Those making the new law are completely ignoring the spy-cops inquiry.
It’s remarkable that a public inquiry into the use of undercover police has taken five years and an estimated £60m to get going while legislation about undercover police is rushed through by the government.
The mismatch between the evidence being presented and the potential consequences of the covert human intelligence sources (CHIS) bill is frighteningly stark. Yet the mistakes of the last fifty years are all set to be repeated with minimal public debate.
The first section of evidence giving has just finished and the inquiry will take a breather until the new year, but these have been some of the stand out highlights for me.
Undercover police (aka spycops) love vans.
They have been using the ‘van driver’ ploy since 1971, making themselves a useful addition to any campaigning group. The other tactic is to form sexual relationships with a member of the infiltrated campaign, so they are trusted by other members of the group (oh, the irony). We learned that this also dates back fifty years. and that one of the spycops saw it as ‘sampling the goods’ as he likened it to undercover drug work.
Using spycops to gather criminal intelligence within campaign groups has proved a waste of money.
But the scale of this still surprises me. Did they really need nine undercover police officers to attend one anti-war meeting in 1968? I’ve said this for years, but to hear a witness who worked for Special Branch in 1968 declaring that they couldn’t discover any plans to foment violence reinforced what I learned when the police put me and thousands of others on their Domestic Extremism database.
The police had no way of identifying if any of these thousands of people had ever committed a crime but the list included journalists, local councillors, myself and Caroline Lucas MP.
It is just shocking that our overstretched police service, which regularly ‘no crimes’ hundreds of thousands of reported crimes because they don’t have the resources to investigate properly, have failed to carry out any value for money assessment of the spycops’ political work.
It’s clear that officers within both Special Branch and the Special Demonstration Squad were at the sharp end of political policing and writing their own job descriptions, based upon their own biases.
As if to highlight this fact they sent a female operative, who earned 90% of what her male colleagues earned to infiltrate a campaign for equal pay. This is why the CHIS Bill definitions allowing spycop activity if there is a threat of ‘public disorder’ need to be tightened up. The police have a fifty year history of using such definitions to justify all kinds of pointless operations, as well as outright abuses of our civil liberties.
Perhaps as a way of justifying their existence, spycops also tried to entrap activists by encouraging a group of trade unionists to firebomb a charity run by an alleged fascist. They didn’t do it but the role of agent provocateur is going to be the focus of amendments to the CHIS Bill that I’m putting forward. There could well be evidence shared at a later date in the inquiry about spycop participation in a firebombing of a department store selling fur.
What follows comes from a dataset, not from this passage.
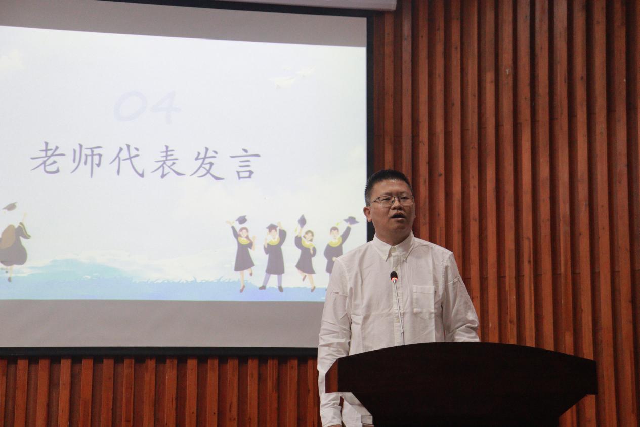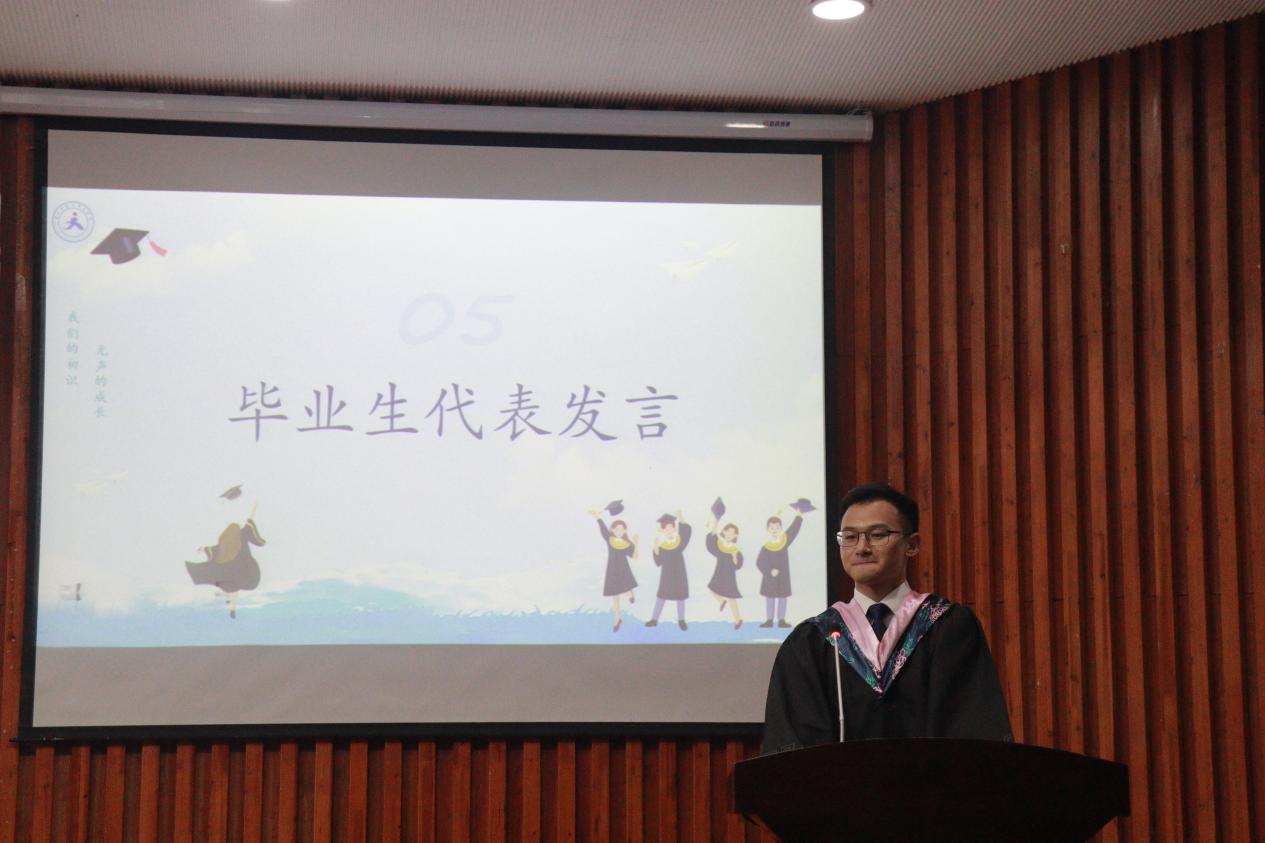 教师代表陈正府发言,他鼓励同学们成为自己的光,不要放弃自己的梦想,勇敢面对新的挑战,表达了对毕业生的殷切期盼。紧接着毕业生代表周光正发言,回忆大学的美好时光,传递对学校、学院的感恩和对同学们的不舍,并立志今后将继续坚守“厚德、博学、笃行、鼎新”的校训。

Spycops making a career out of destroying people’s lives was also highlighted with one Special Demonstration Squad officer going from spying on trade unionists to actually working for a blacklisting firm. The Inquiry judge seemed particularly keen for witnesses not to explore such links between the state and private firms. However, there is a specific set of CHIS Bill amendments excluding trade unionists from future spycop focus.
I’ve no doubt that the inquiry will bring to light a lot more lessons that will need legislation to fix. However, the existing CHIS Bill is doing the opposite of fixing anything and I hope that the Labour Party front bench will come round to accepting that and oppose this dangerous potentially repressive bill.